Glad it’s working, and an interesting discovery. However, I don’t see the issue as solved yet. I think we can make it work better for your model immediately, and also help prevent this issue for future users.
In our experience
GradScaler's default constructor values rarely need to be tuned. Yours is the first case I’m aware of with the native API, and we tried it with 40ish models spanning many applications before merging. The intention was to supply default values (and a dynamic scale-finding heuristic) that are effective for the vast majority of networks, so GradScaler’s args don’t become additional “hyperparameters.”
init_scale is intended to be larger than the network initially needs. The large initial value causes inf/nan gradients for the first few iterations but quickly calibrates down to a successful value (because it’s reduced by
backoff_factor each time). After that, the large
growth_interval means few iterations should be skipped, and the effect on performance is negligible.

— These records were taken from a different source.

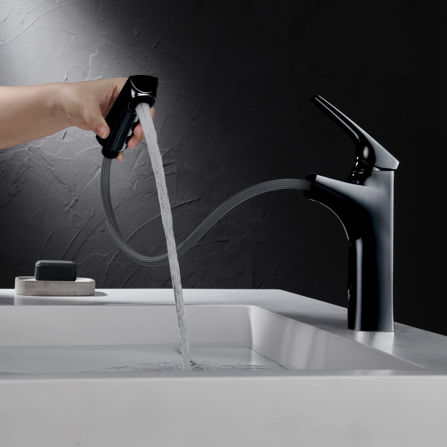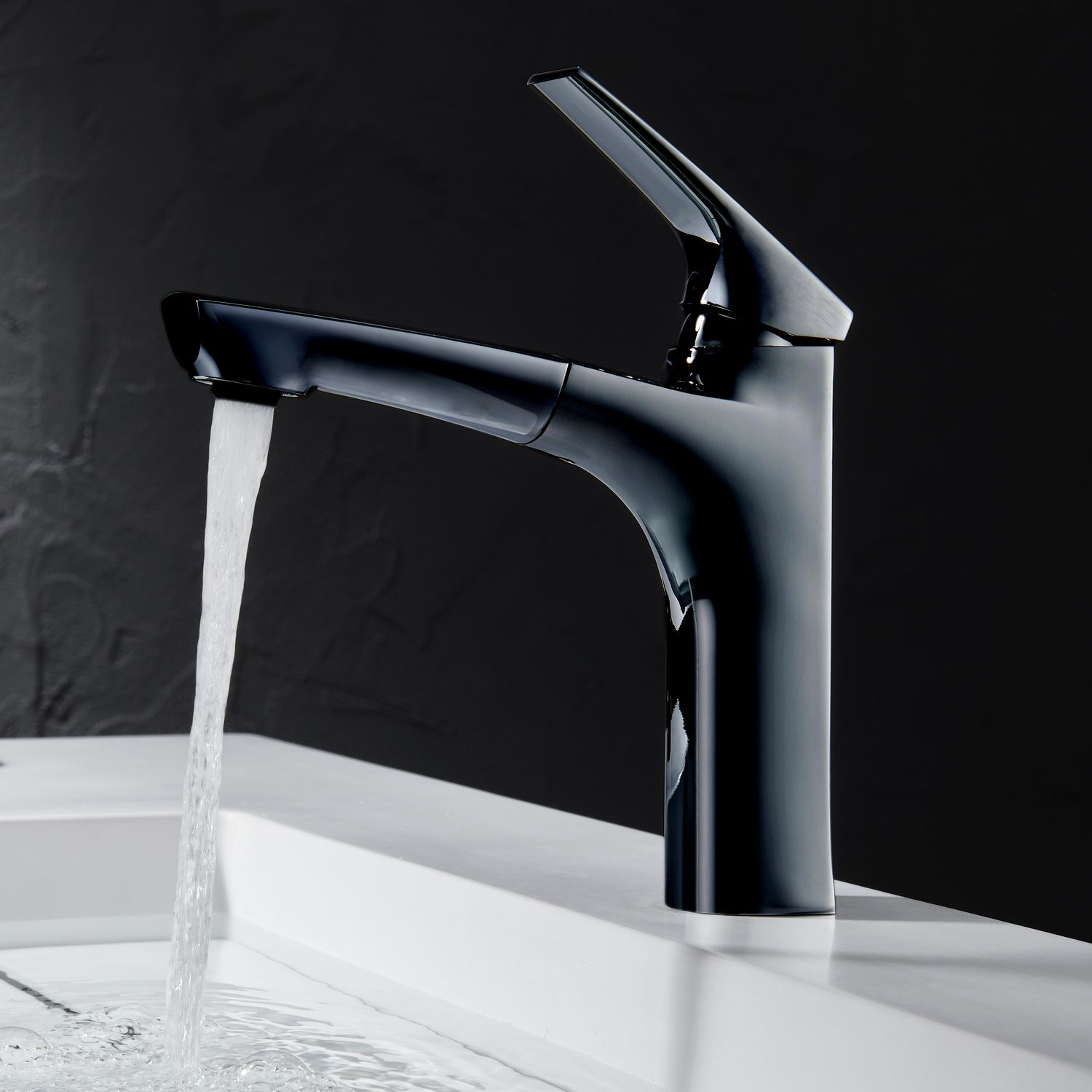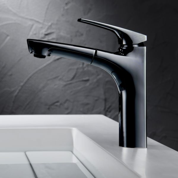 Смеситель для раковины Black&White Universe 7901B с выдвижным изливом чёрный матовый купить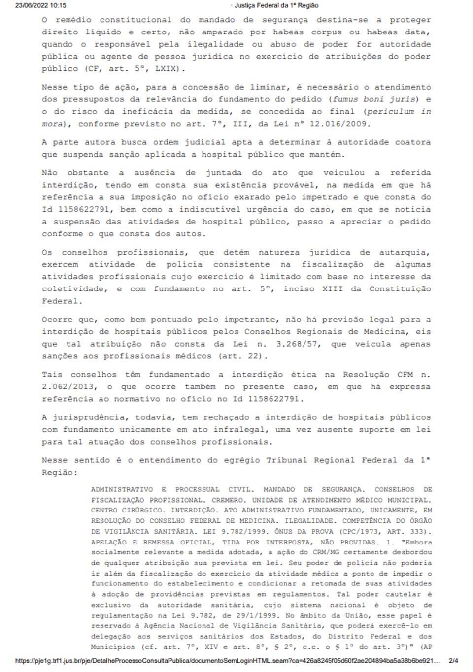 “Ocorre que, como bem pontuado pelo impetrante, não há previsão legal para a interdição de hospitais públicos pelos Conselhos Regionais de Medicina, eis que tal atribuição não consta da Lei n. 3.268/57, que veicula apenas sanções aos profissionais médicos”, anotou.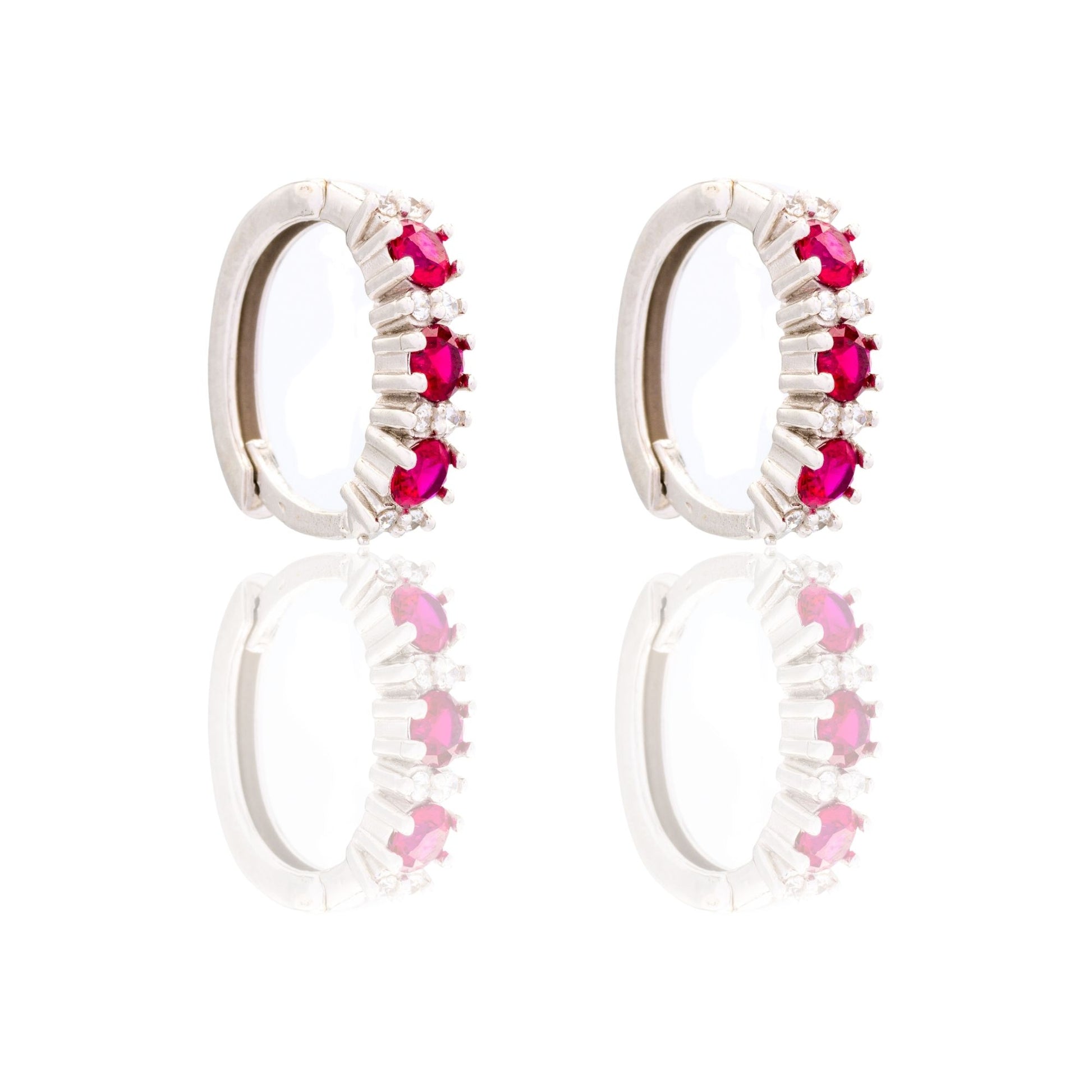 Orecchini in oro BIANCO Oro 18 carati Cerchietto Trilogy Zirconi Bianchi, Zirconi Rossi Gr. 2,8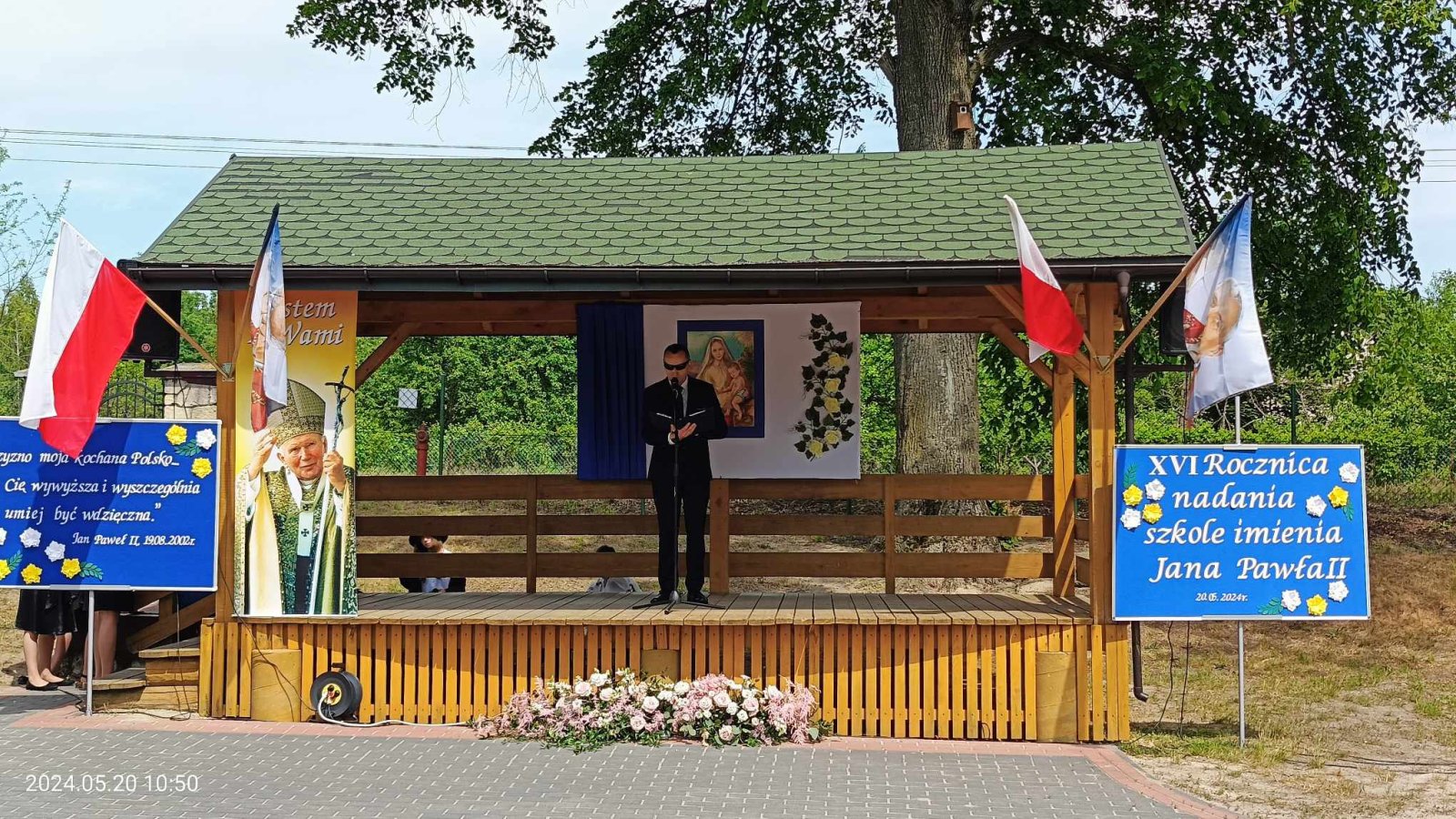 W poniedziałek 20 maja odbyły się uroczystości z okazji XVI rocznicy nadania naszej szkole imienia Jana Pawła II. Jak co roku swą obecnością zaszczycili nas zaproszeni goście: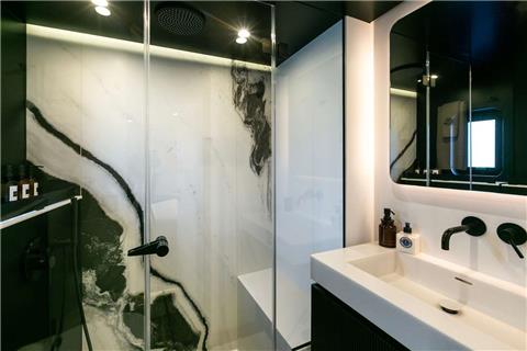Four of the guest cabins are accessed through the main salon. Each one has a European King Bed and are equally appointed with the finest, most comfortable bedding. The en-suite bathrooms boast the most elegant rain showers imaginable. The Fifth Guest Cabin is accessed from the port aft deck. It is appointed with a double bed and an en-suite bath with rain shower.

In your case, it appears you’re in the opposite situation: the default
init_scale is smaller than you initially need.
growth_interval=10 is one way to increase the scale more quickly than it otherwise would, but once the value calibrates/stabilizes, roughly 1 out of 10 iterations will be skipped (a 10% training slowdown). You work around this by resetting
growth_interval later, which is smart, but also inconvenient and not obvious. If all you need is a higher initial value, I’d construct
GradScaler(init_scale=<bigger value>) instead of playing with
growth_interval in multiple places.
Per above paragraphs, the best practice is to supply an
init_scale that’s larger than your network needs, so the scale quickly calibrates down, then stabilizes. To do that, we need to figure out the value it calibrates to. Can you rerun your existing code (with
growth_interval=10) and print
scaler.get_scale() just after
scaler.update() for the first few dozen steps to get a sense for the scale value it finds, and post the results here?
For you, the best
init_scale would then be the next-greatest power of two* above the value it finds, and you can then ignore
growth_interval. For me, the value it finds justifies a PR to increase the default
init_scale, reducing the likelihood of this issue in the future. A larger initial scale value doesn’t do much harm for any network (worst case, it causes a few more iterations at the beginning to be skipped).
(*Powers of two are best for for
backoff_factor because multiplication/division by powers of two is a bitwise accurate operation on non-denormal IEEE floats.)